Figure 1: Lane detection example. top: ground truth. middle: all the predictions (blue, deeper for higher confidence scores) and ground truths (dashed orange). bottom: metric IoU calculation by comparing segmentation masks of predictions (blue) and GTs (orange). Best viewed in color.

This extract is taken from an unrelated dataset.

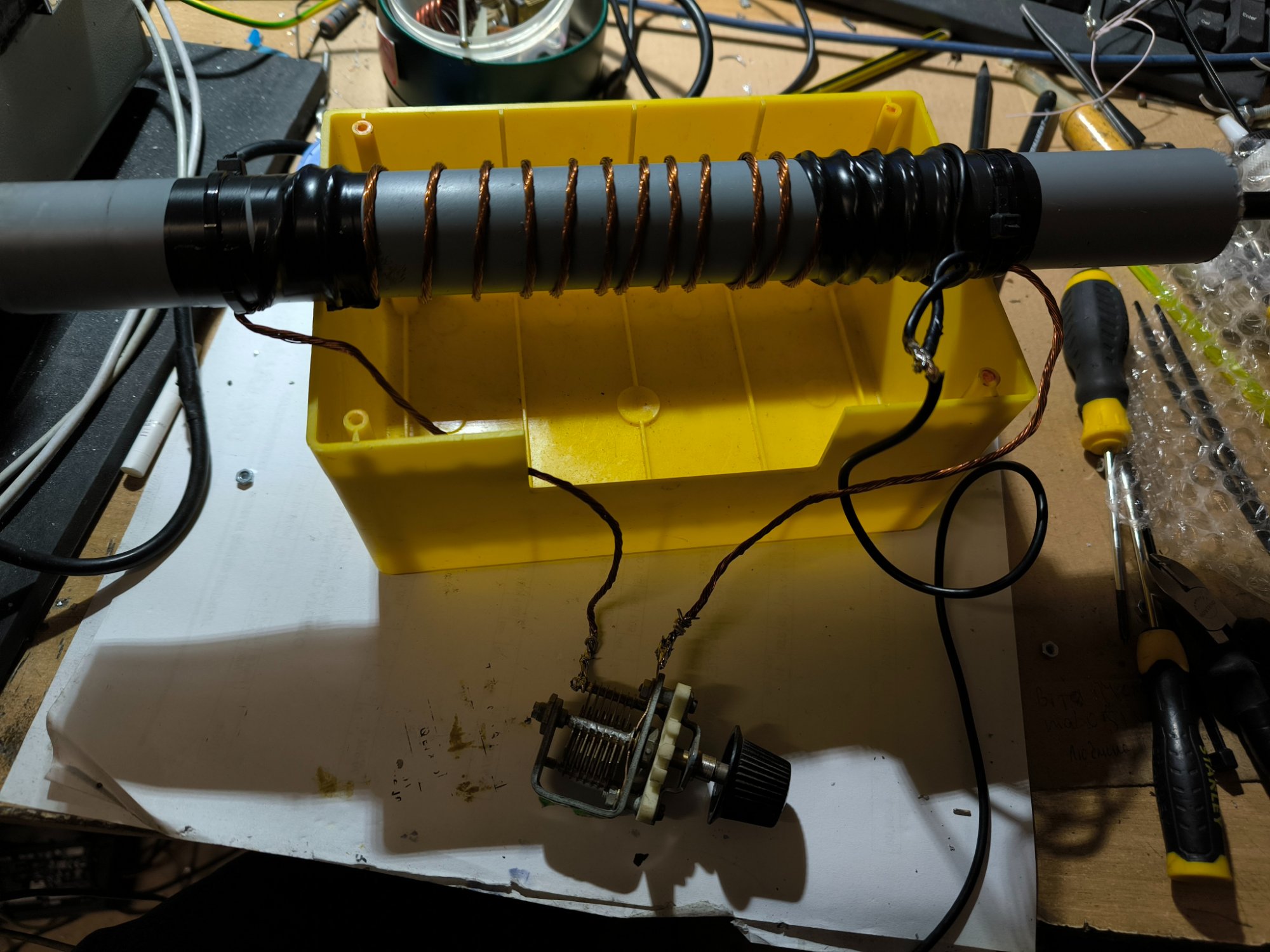Феритова антена на данний момент складається з 11(скільки було) стрижнів діаметром 8 мм і довжиною 16,проникність 400НН(стандартні від радянських приймачів)...із стрижнів зробив два пучки в одному 6 в іншому 5 стрижнів.їх скріпив навколо текстолітової трубки такого ж діаметру,цю конструкцію помістив в сантехнічну трубку.Основна катушка має 17 витків літцендрату (13*0,42),змінний конденсатор від 10до 53пф.Катушка зв'язку 4 витки (мідним дротом 2,5 кв)...

图 1: 车道线检测示例。上:真实标注。中:所有预测结果(蓝色,颜色越深表示置信度分数越高)和真实标注(橙色虚线)。下:通过比较预测分割掩膜(蓝色)与真实标注(橙色)计算IoU指标。建议彩色查看。
1. Introduction
1. 引言
Lane (marker) detection plays an important role in the autonomous driving and driver assistance systems. Like other computer vision tasks, emergence of convolutional neural networks (CNNs) has brought rapid progress on lane detection performance. Modern lane detection methods are grouped into four categories in terms of lane instance representation. Segmentation-based [18, 27] and keypoint-based [21] representations regard lanes as segmentation mask and keypoints respectively. The parametric representation methods [25, 16] utilize curve parameters to regress lane shapes. The row-based representation [24, 28, 19, 20, 15] regards a lane as a set of coordinates on the certain horizontal lines. The first two representations are employed in the bottom-up detection paradigm, where the lane positions are directly detected in the image and grouped into lane instances afterwards. The latter two are adopted to the top-down instance detection methods where each lane detection is regarded as both global lane instance and a set of local lane points. The row-based representation is the defacto standard in terms of detection performance among the above representation types. We choose the best-performing CLRNet [28] from the row-based methods as our baseline.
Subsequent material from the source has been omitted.